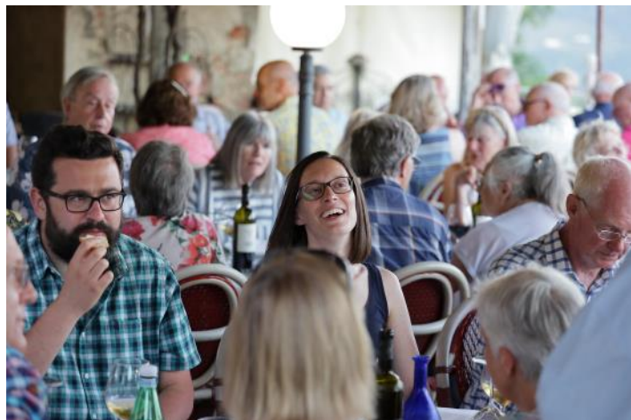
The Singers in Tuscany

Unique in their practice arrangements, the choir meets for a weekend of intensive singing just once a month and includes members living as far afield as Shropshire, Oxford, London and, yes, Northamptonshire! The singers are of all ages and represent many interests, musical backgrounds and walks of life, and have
* * *
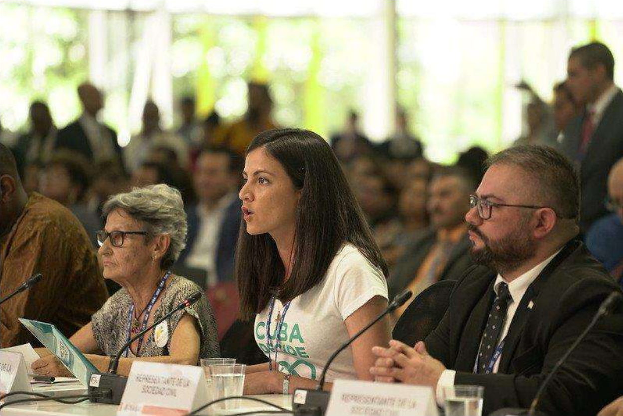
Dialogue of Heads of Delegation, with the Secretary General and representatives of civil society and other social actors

## Task directions
Out of the material above, output word for word the line with "The Singers in Tuscany", the line with "Unique in their", and all lines between them, with nothing else.

## Exercise response
The Singers in Tuscany

Unique in their practice arrangements, the choir meets for a weekend of intensive singing just once a month and includes members living as far afield as Shropshire, Oxford, London and, yes, Northamptonshire! The singers are of all ages and represent many interests, musical backgrounds and walks of life, and have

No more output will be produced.